PSN-L Email List Message
Subject: Re: Springs for Verticals
From: Ben Bradley benbradley@...............
Date: Mon, 04 Jun 2007 17:39:01 -0500
> Hi Everyone, I wanted to ask some questions about choosing a spring for a vertical spring sensor.
> Pictures three situations, three different springs being pulled straight down by a mass. No triangular modifications, just straight down.
> 1 One is a strong spring like a screen door spring, pulled down by a large mass.
> 2 One is a weak spring being pulled down by very little mass.
> 3 One is a rubber band being pulled down by a small mass.
> Just for comparisons, say they all had the same period of 1.5 seconds. Is one of the three better for recording earthquakes?
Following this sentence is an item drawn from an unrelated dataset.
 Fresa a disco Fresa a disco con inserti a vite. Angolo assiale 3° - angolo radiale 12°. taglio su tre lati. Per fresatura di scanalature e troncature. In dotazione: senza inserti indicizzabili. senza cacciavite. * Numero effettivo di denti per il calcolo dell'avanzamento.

Two questions here: Is there an advantage in using a weak spring, or strong spring, if the resulting period is the same. And Secondly is a rubber band spring every used?
I understand that rubber bands are quite temperature sensitive (their
force changes substantially with a change in temperature, many times
more than a steel spring does), and for that reason alone I cannot
imagine a rubber band would work well in a geophone or seismometer. The
effect is so great that it can be put to good use in other devices, as
in The Amateur Scientist column in the April 1971 Scientific American
magazine, titled "Some Delightful Engines Driven By the Heating of
Rubber Bands." You can get a CD of all the Amateur Scientist columns,
which also includes several seismograph designs, at the bottom of this page:
As far as 1 vs. 2, I can't say which one would be better, except to
note that the larger mass/stronger spring combination of 1 would be less
sensitive to air movements (there should be no such air movements in
such a device, but I would still pick the more resistant combination
just in case). Without any other observations or conclusions about which
would be better, I would pick 1 for that reason.
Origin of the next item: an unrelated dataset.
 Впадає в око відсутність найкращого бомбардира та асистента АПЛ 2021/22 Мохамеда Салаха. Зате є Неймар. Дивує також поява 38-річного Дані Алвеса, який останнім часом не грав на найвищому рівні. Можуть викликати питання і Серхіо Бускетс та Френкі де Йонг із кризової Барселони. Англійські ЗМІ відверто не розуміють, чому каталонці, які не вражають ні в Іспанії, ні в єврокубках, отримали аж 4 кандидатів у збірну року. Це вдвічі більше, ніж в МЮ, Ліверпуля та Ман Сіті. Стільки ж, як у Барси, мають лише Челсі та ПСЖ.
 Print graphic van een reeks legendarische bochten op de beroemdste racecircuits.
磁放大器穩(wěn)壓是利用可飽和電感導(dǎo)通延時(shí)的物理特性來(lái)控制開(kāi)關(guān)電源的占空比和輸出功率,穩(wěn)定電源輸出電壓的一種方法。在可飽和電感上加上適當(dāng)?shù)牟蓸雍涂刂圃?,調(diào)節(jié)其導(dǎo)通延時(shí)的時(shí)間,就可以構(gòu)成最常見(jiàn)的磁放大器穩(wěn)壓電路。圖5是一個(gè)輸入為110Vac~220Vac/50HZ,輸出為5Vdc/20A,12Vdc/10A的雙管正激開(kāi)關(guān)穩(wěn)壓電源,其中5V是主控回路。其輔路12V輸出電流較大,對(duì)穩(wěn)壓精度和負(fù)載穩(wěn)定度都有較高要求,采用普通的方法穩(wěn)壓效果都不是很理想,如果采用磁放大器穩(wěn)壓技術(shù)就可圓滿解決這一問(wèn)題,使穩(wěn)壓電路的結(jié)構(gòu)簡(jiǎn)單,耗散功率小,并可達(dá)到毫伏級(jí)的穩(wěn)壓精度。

> What prompted the question is seeing how small the spring in a geophones is. Is the idea to have the smallest spring which would move under the smaller stimulus.
For a "portable" device such as a geophone, I would think the idea is
to have the smallest device that does the job. If a larger, more massive
design does the job better in a fixed-location amateur (non-commercial)
device, I would go with the larger design.